= Obstacles to troop movement =

Obstacles to troop movement represent either natural, human habitat originated, constructed, concealed obstacles, or obstructive impediments to movement of military troops and their vehicles, or to their visibility. By impeding strategic, operational or tactical manoeuvre, the obstacle represents an added barrier between opposing combat forces, and therefore prevent achievement of objectives and goals specified in the operational planning schedule. The constructed obstacles are used as an aid to defending a position or area as part of the general defensive plan of the commander. The obstacles that originate from the human habitat can be converted by troops into constructed obstacles by either performing additional construction, or executing demolitions to obstruct movement over the transport network, to create a choke point, or to deny traversing of an area to the enemy. The natural obstacles can be used defensively by securing a more difficult to breach defensive position by for example securing a flank on terrain that is deemed impossible to traverse, thus denying the enemy an ability to close into combat range of direct fire weapons.

==Role of obstacles==
Obstacles are used in combat operations to create choke points, deny mobility corridors and avenue of approach to positions, to enhance field of fire for direct fire weapons, or to protect key tactical terrain features to the enemy.

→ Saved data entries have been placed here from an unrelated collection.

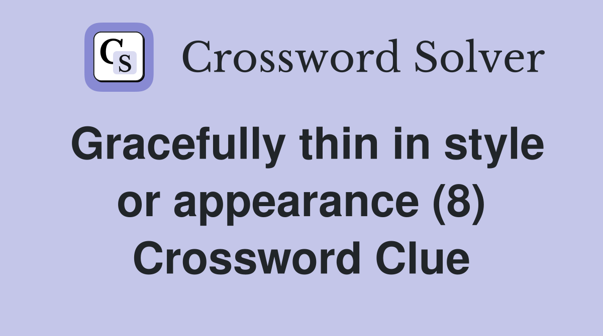 Gracefully thin in style or appearance (8) Crossword Clue Answers
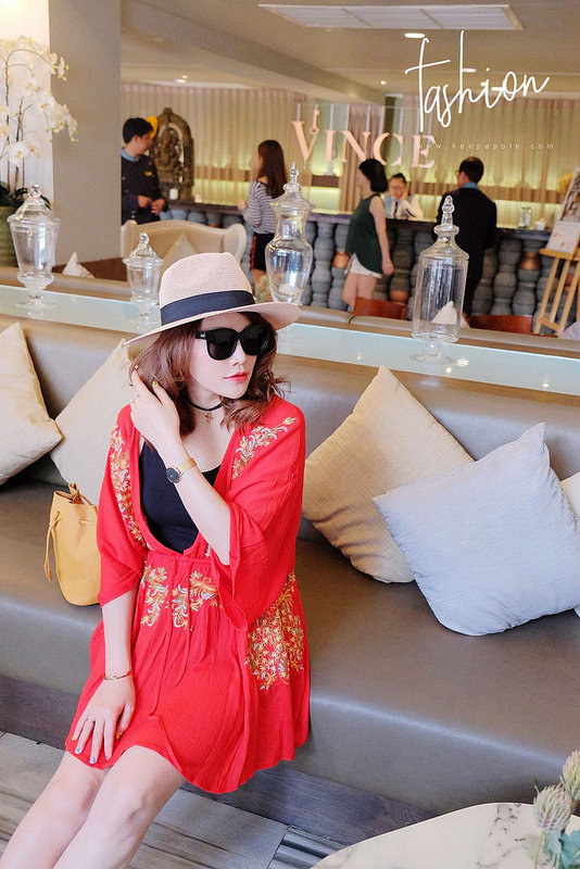 民俗風的洋裝配上有特色的墨鏡剛剛好
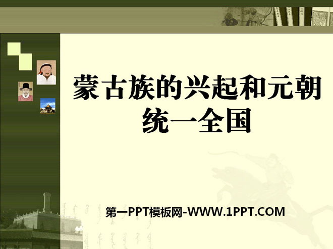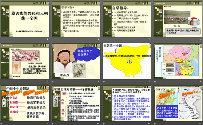 1.通过学习本课,了解蒙古族的兴起、成吉思汗统一蒙古和建立政权。忽必烈建立元朝。
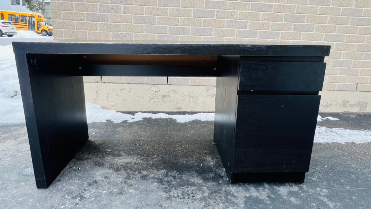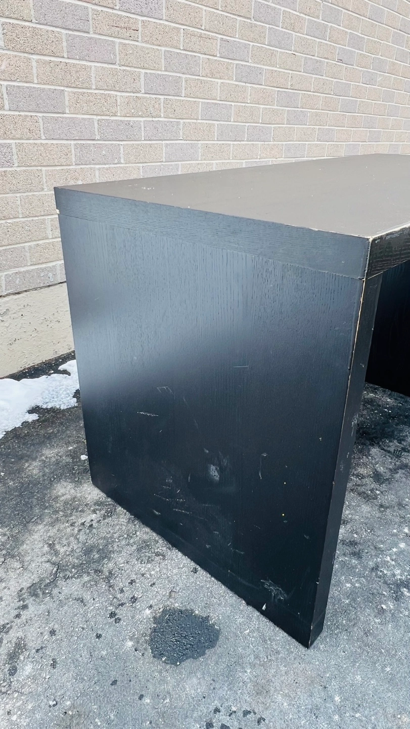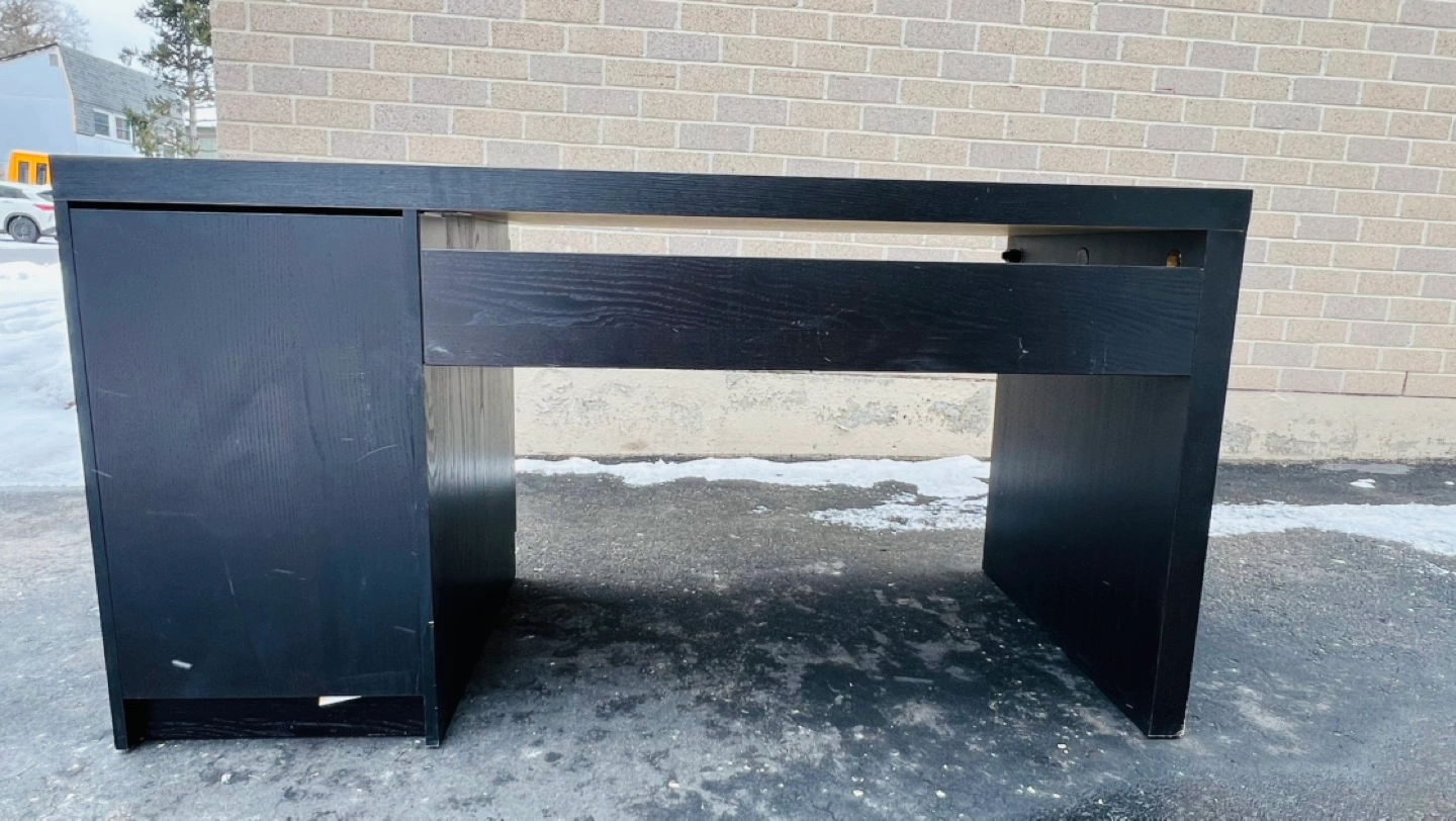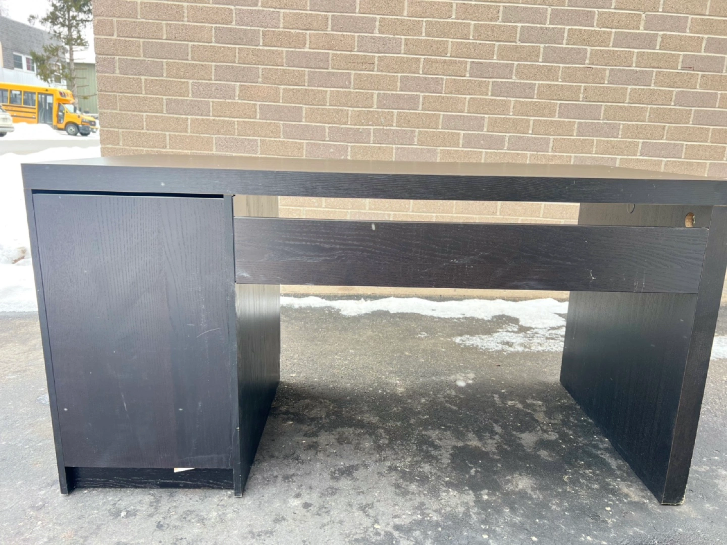 Simple black desk. Features one drawer and one cabinet. Good for small spaces. Some minor wear. Size approx. - 60 inches * 27 inches * H 30 inches. Used as study table, side table, garage uses or kitchens use.
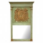 TRUMEAU en bois mouluré rechampi et redoré à décor d'un trophée avec cornes d'abondance, surmontant un miroir
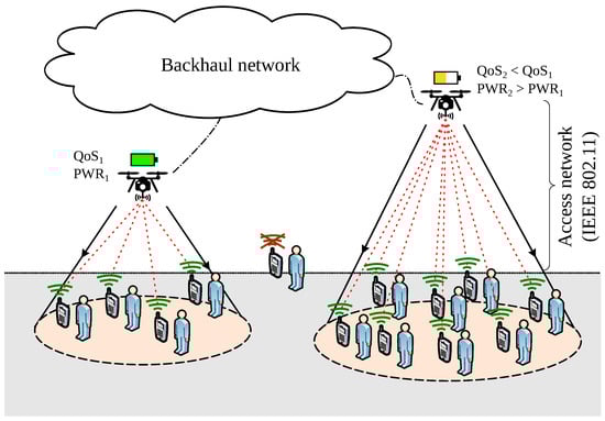 Long-duration activities may require hot replacement of drones due to battery exhaustion. In this work, we would like to deploy aerial APs to provide VoWiFi service to ground users in an outdoor long-duration activity (e.g., concert or similar longer 20–25 min) that will likely require hot replacement of drones due to battery exhaustion. In this context, the following considerations should be taken into account:
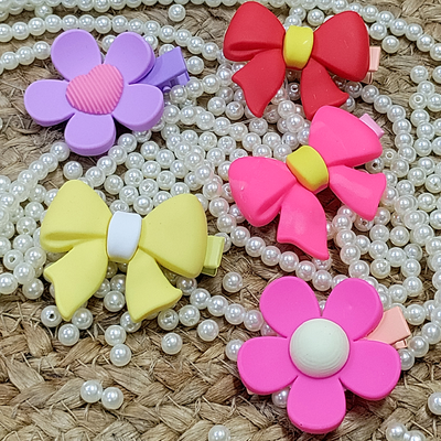 - Features - Material: Plastic, Type: Hair Clip Hair Bow Clip, Color: Multicolored. Dimension: 4 CM, Pack of 5 Hair Clips. Use the product with Care. Do not wash the scrunchies regulary. The elastic might get loose. Store properly in a box after use.
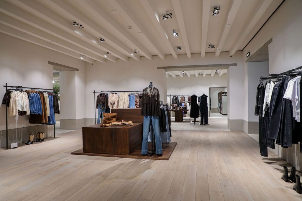 التصميم يعكس هوية العلامة الجديدة، ويضم أقسام عرض مبتكرة تتيح للزبائن تجربة سلسة، مدعومة بأحدث الأنظمة التكنولوجية. وفي الوقت نفسه، تم اعتماد أسلوب البوتيك الخاص في بعض الأقسام، مع أثاث وتصاميم فريدة تمنح كل مجموعة هوية مميزة وتُعزّز الارتباط بين الزبون والمنتج.تصميم معماري بتفاصيل دقيقةيأخذ المتجر روّاده في رحلة عبر مساحات مصمّمة بعناية فائقة، حيث تتكامل العناصر التقليدية والمعاصرة بانسجام لخلق أجواء أنيقة ومريحة. الطابق الأرضي يضم قسم للأحذية والحقائب وصالات قياس بتصميم منزلي مريح، أما قسم الأزياء النسائية الشابة فيتميز بلمسات معدنية عصرية، بينما يعكس قسم Zara Man طابعًا جريئًا من خلال التباين الواضح بين الأبيض والأسود مع صور فوتوغرافية فنية على الجدران. استخدام المواد الطبيعية مثل الخشب، والحجر، والرخام، والسيراميك، والأقمشة العضوية، إلى جانب الإضاءة الطبيعية والاصطناعية، أضفى أجواءً راقية ومشرقة تجعل كل زاوية من زوايا المتجر تجربة بحد ذاتها.
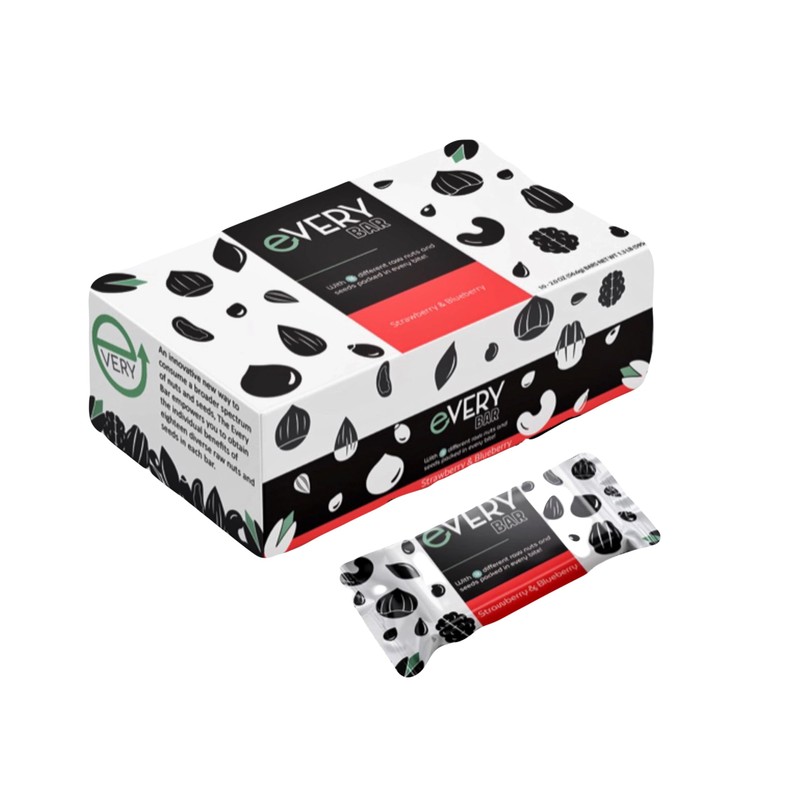The Every Bar is a fruit, nut, and seed bar made with a nutrient dense variety of 18 different nuts and seeds, empowering you to obtain the individual benefits of diverse ingredients in every bite! The Every Bar is held together by organic California dates to both bind the bar together and sweeten it without added sugars or artificial sweeteners. This vegan and naturally gluten-free bar comes in three delicious flavors and contains 10 Bars in each box for you to enjoy whenever you're in the need of a filling snack! Please visit our website at www.everyfoodsllc.com to learn more about our amazing product!
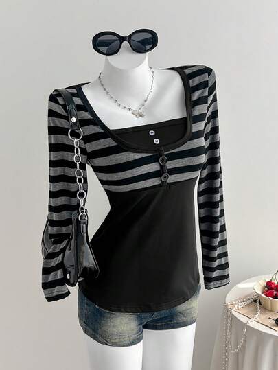 Comfortcana Women's Casual Punk Style Striped T-Shirt - Dark Grey - View 1
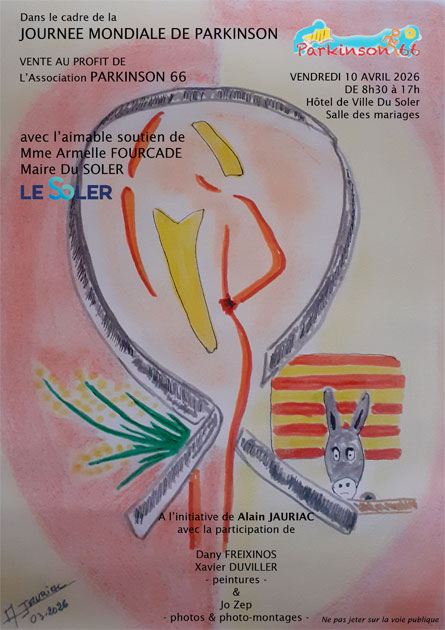 Dans le cadre de la Journée Mondiale de la Maladie de Parkinson 2026, ” Alain JAURIAC , les membres “artistes amateurs” de l’association Parkinson 66 avec le soutien de Mme Le Maire de la ville du Soler Armelle FOURCADE, exposeront leurs créations.
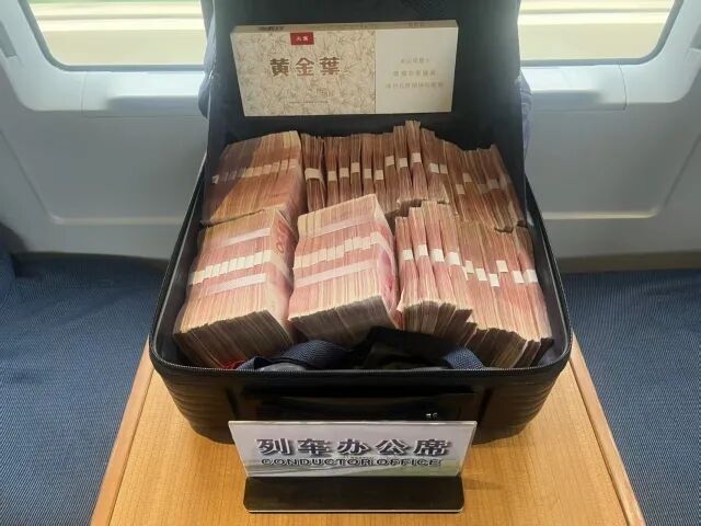 打开行李箱的一瞬间,高铁乘警管天和列车长张蕊都倒吸了一口凉气。工作多年,从没在列车上见过这么多的现金,一沓又一沓,57万元塞满了整个行李箱!

Obstacles may be set up on land, in the water, or in the air to damage enemy forces, to impede their movement, to delay or restrain their actions, or to force them to move in a favorable direction for friendly troops.

Obstacles can be erected both in advance and during combat; they can be created in the support zone, on the approaches to defensive lines, in front of their front edge and in the depth of tactical and operational defense zones. Construction of obstacles is subject to the intended plan of the battle (operation) and is closely coordinated with the fire system and strikes of the means of fire, taking into account the maneuvering of their forces.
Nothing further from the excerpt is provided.